Easter is nearly here and as much as I don’t want to be misunderstood for saying this, my feelings about this holiday are a bit conflicted.
Certainly, the thing I am most grateful for in my life is the truth we celebrate at Easter—the amazing, saving grace of God. God’s mission to rescue us hinged on the atoning death and glorious resurrection of Jesus Christ, and that reality defines and determines my life.
Nevertheless, for me, Easter arrives each year with a few pieces of baggage—baggage that ranges from the ridiculous to the sublime.
First, the ridiculous…
I have many good childhood memories of Easter—chocolate bunnies, those stinky egg-dyeing kits, and the first hope each year that the gray winter in frosty Indiana might actually end. But Easter also meant wearing extra-foofy church clothes, and I hated that.
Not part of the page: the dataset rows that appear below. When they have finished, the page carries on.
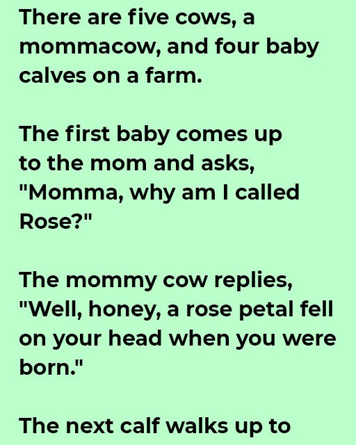 There are five cows, a momma cow, and four baby calves on a farm. The first baby comes up to the mom and asks, “Momma, why am I called Rose?”
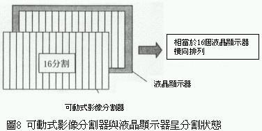 上述新型電子式影像分割器與液晶顯示器的控製方法與結構都非常簡單,因此它具有低價化的潛力。
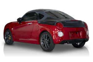 そのK-OPENの実現に向けて取り組んでいる証となるのが、K-OPENランニングプロトだ。一見すると現行コペン・セロにしか見えないが、じつは商用車用のスラントエンジンとハイゼット用のリアデフやドライブシャフトが用いられ、FR方式に仕立てられている。低重心化や重量配分を研究するための、いわば先行開発車両だが、こうしたクルマがショー会場に置かれるのは異例だ。
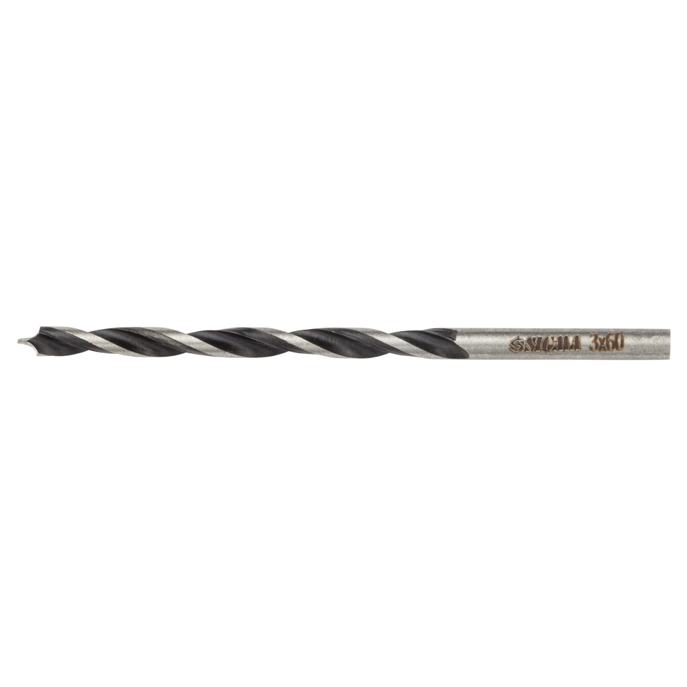 Свердло по дереву Sigma спіральне триточкове Ø3 х 60 мм - це високоефективний інструмент, призначений для чистового свердління отворів малого діаметра в таких матеріалах, як деревина, фанера, ДСП, клеєна деревина та пластик. Завдяки особливій конструкції, воно забезпечує швидке та точне виконання робіт як вздовж, так і впоперек волокон.

I was a hardcore little tomboy and dreaded wearing any kind of special Easter attire to church. I thought it seriously damaged my “street cred” among the neighborhood boys who were my sports buddies.
My early childhood was spent in the ’60s, when ladies wore hats and little girls wore whatever their moms made them wear. One Easter, my mom decided I needed to wear a hat to church.
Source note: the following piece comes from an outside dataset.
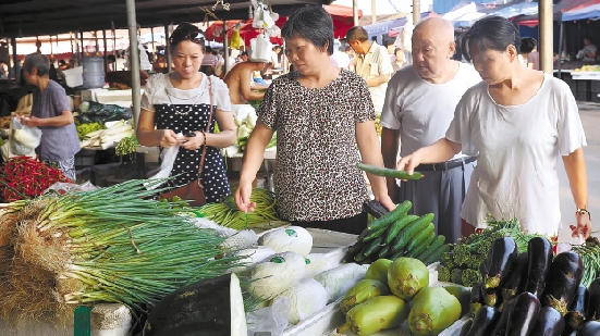 8月13日,宁波市民在菜市场选购直销蔬菜。针对连日来菜价上涨的情况,宁波市出台蔬菜价格上限措施,从8月11日至20日,全市设立25个蔬菜直销点。
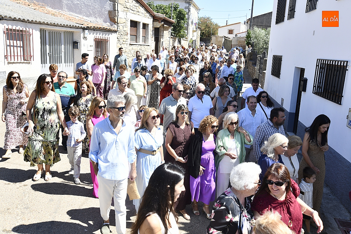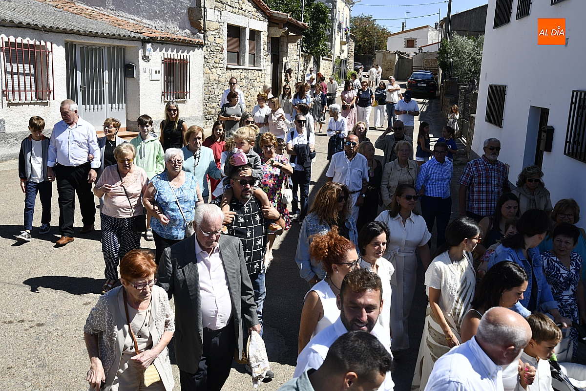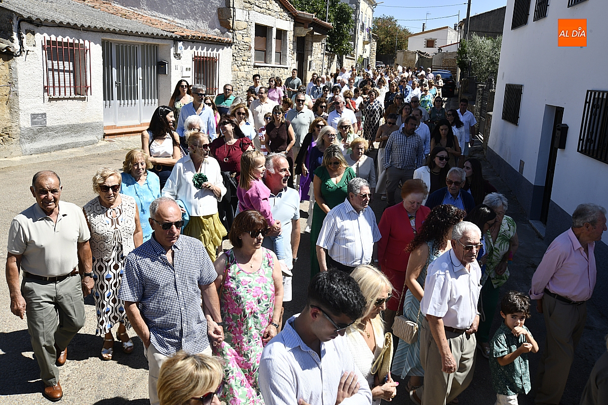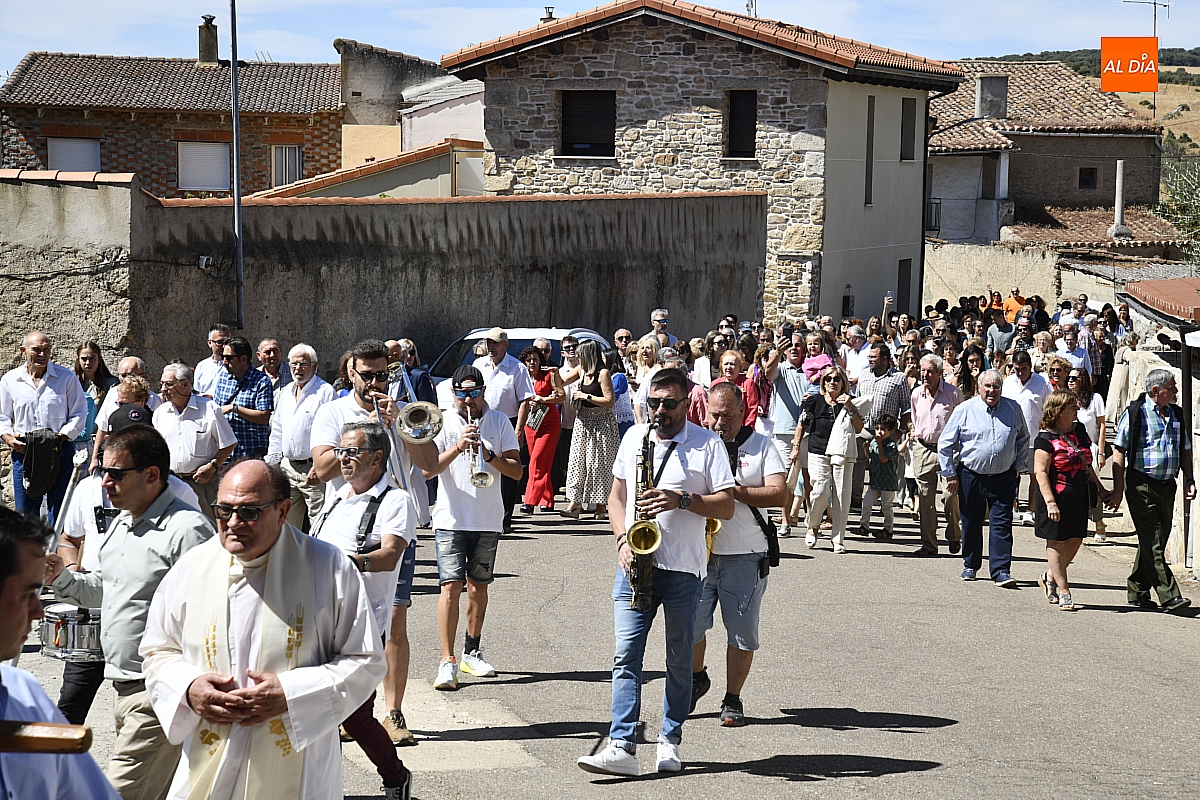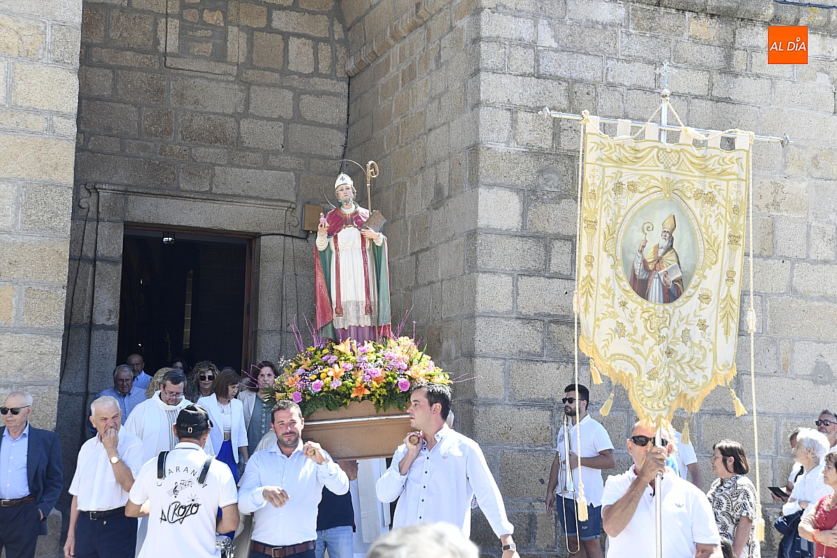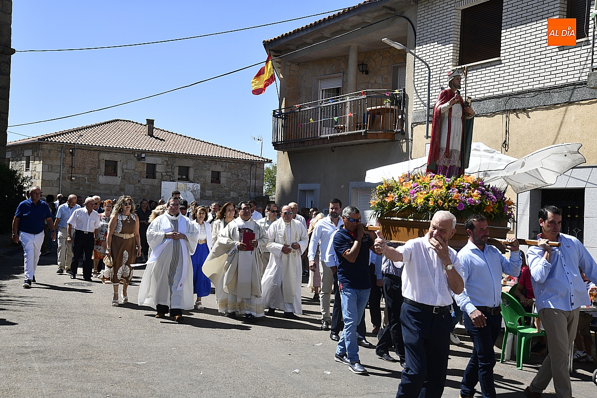 Al mediodía, los vecinos, a quienes se conoce con el afectuoso apelativo de cervatos, acudieron a la iglesia parroquial, engalanados con sus mejores trajes, para participar en la eucaristía oficiada por el párroco Juan Carlos Bernardos. Estuvo acompañado por los sacerdotes Miguel Ángel García y José Sánchez, representantes de los arciprestazgos de La Ribera y El Abadengo, todos ellos pertenecientes a la diócesis de Ciudad Rodrigo. La homilía, centrada en la figura del santo, dio paso a una procesión que recorrió las calles del pueblo, entre el tañido jubiloso de las campanas y las notas festivas de la charanga mirobrigense Al Rojo.

It was awful. I would gladly have crawled into any hole that might have mercifully opened up for me. I spent that whole church service praying only and fervently that Shorty and my other pals wouldn’t see me.
It’s ridiculous, I know, but I still sometimes feel a wee bit anxious when I know I’m expected to dress in certain ways that really aren’t “me.” I’m sure that is part of the reason I feel so at home in a church where I can wear blue jeans if I want to. (If you presently feel the urge to cast stones at me, please lower your rocks and take some deep, cleansing breaths.)
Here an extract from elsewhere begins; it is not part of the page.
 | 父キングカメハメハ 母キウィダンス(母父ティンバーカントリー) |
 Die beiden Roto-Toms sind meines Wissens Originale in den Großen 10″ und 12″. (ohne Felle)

And it’s also why I feel so at home with Jesus, who cares a whole lot more about who we are than what we wear.
I admit that the Easter hat incident is an incredibly lame “traumatic holiday memory” story, but I have another troubling, personal Easter issue that is certainly more profound.
Here it is: While I can’t even find words to express how deeply I appreciate and embrace the redemption that sprung from the death and resurrection of Jesus Christ, I hate to read, hear or think about how it all happened.
I need to think about it, and I do think about it, but I don’t like to.
Reading about the trial and crucifixion of Jesus always makes me feel sick—the relentless mocking, the gruesome whipping, the blood, the nails, the pain, the unimaginably horrific price Jesus paid for me.
I am so grateful for it…and so incredibly sorry for it.
I wish that we—mankind—could have been better, could have been good enough not to need redemption, but we weren’t. We aren’t. I’m not.
Even after all these years, I just cannot be good enough to deserve a smidgen of God’s forgiveness or love. I can’t be good enough for even one day. Not even for an hour. Okay, not even for a minute.
In fact, I need redemption every. single. second.
I hammer nails in the hands of Jesus over and over and over…and He just keeps loving me anyway.
The conflicting, bittersweet, humbling, transcending, incomprehensible wonder of Easter just doesn’t seem fair. God is so getting the short end of the stick.
The Father gives His perfect Son, Jesus gives Himself…and they get, what? Me. You. Us.
And somehow, that’s okay with Him.
I have so very much to learn about that Easter kind of love.